WORK REQUIRED:
From the first line to the last, output the entries exactly.

ENTRIES SHOWN:
==*==
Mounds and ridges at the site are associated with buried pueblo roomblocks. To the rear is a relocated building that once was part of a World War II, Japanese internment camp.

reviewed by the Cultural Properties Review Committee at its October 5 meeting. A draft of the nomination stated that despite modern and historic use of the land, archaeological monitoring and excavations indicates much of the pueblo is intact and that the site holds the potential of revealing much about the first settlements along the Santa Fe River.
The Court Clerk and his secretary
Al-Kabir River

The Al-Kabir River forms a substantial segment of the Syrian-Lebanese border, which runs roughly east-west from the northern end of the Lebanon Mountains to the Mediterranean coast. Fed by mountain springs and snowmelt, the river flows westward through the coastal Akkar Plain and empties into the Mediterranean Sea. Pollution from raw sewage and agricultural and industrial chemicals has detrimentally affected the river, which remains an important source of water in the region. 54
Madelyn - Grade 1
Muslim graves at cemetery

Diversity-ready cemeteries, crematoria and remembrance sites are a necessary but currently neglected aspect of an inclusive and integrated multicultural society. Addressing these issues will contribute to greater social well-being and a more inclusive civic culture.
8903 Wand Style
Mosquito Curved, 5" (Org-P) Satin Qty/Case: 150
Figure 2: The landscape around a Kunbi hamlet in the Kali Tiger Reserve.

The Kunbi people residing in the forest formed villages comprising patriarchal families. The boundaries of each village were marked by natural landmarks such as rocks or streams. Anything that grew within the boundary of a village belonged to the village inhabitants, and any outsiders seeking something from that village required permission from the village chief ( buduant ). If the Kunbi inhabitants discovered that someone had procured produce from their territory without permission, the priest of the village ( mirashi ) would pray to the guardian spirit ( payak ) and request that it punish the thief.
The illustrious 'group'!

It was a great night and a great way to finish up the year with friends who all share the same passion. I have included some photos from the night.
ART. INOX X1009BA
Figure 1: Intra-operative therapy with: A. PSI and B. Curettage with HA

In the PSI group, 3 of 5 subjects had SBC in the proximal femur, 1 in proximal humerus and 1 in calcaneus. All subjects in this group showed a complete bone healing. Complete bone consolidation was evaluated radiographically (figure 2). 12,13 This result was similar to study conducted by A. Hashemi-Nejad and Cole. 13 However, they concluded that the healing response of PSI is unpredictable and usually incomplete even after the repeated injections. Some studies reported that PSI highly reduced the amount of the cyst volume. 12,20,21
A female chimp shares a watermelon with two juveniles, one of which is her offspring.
==*==
WRITTEN RESPONSE:
Mounds and ridges at the site are associated with buried pueblo roomblocks. To the rear is a relocated building that once was part of a World War II, Japanese internment camp.

reviewed by the Cultural Properties Review Committee at its October 5 meeting. A draft of the nomination stated that despite modern and historic use of the land, archaeological monitoring and excavations indicates much of the pueblo is intact and that the site holds the potential of revealing much about the first settlements along the Santa Fe River.
The Court Clerk and his secretary
Al-Kabir River

The Al-Kabir River forms a substantial segment of the Syrian-Lebanese border, which runs roughly east-west from the northern end of the Lebanon Mountains to the Mediterranean coast. Fed by mountain springs and snowmelt, the river flows westward through the coastal Akkar Plain and empties into the Mediterranean Sea. Pollution from raw sewage and agricultural and industrial chemicals has detrimentally affected the river, which remains an important source of water in the region. 54
Madelyn - Grade 1
Muslim graves at cemetery

Diversity-ready cemeteries, crematoria and remembrance sites are a necessary but currently neglected aspect of an inclusive and integrated multicultural society. Addressing these issues will contribute to greater social well-being and a more inclusive civic culture.
8903 Wand Style
Mosquito Curved, 5" (Org-P) Satin Qty/Case: 150
Figure 2: The landscape around a Kunbi hamlet in the Kali Tiger Reserve.

The Kunbi people residing in the forest formed villages comprising patriarchal families. The boundaries of each village were marked by natural landmarks such as rocks or streams. Anything that grew within the boundary of a village belonged to the village inhabitants, and any outsiders seeking something from that village required permission from the village chief ( buduant ). If the Kunbi inhabitants discovered that someone had procured produce from their territory without permission, the priest of the village ( mirashi ) would pray to the guardian spirit ( payak ) and request that it punish the thief.
The illustrious 'group'!

It was a great night and a great way to finish up the year with friends who all share the same passion. I have included some photos from the night.
ART. INOX X1009BA
Figure 1: Intra-operative therapy with: A. PSI and B. Curettage with HA

In the PSI group, 3 of 5 subjects had SBC in the proximal femur, 1 in proximal humerus and 1 in calcaneus. All subjects in this group showed a complete bone healing. Complete bone consolidation was evaluated radiographically (figure 2). 12,13 This result was similar to study conducted by A. Hashemi-Nejad and Cole. 13 However, they concluded that the healing response of PSI is unpredictable and usually incomplete even after the repeated injections. Some studies reported that PSI highly reduced the amount of the cyst volume. 12,20,21
A female chimp shares a watermelon with two juveniles, one of which is her offspring.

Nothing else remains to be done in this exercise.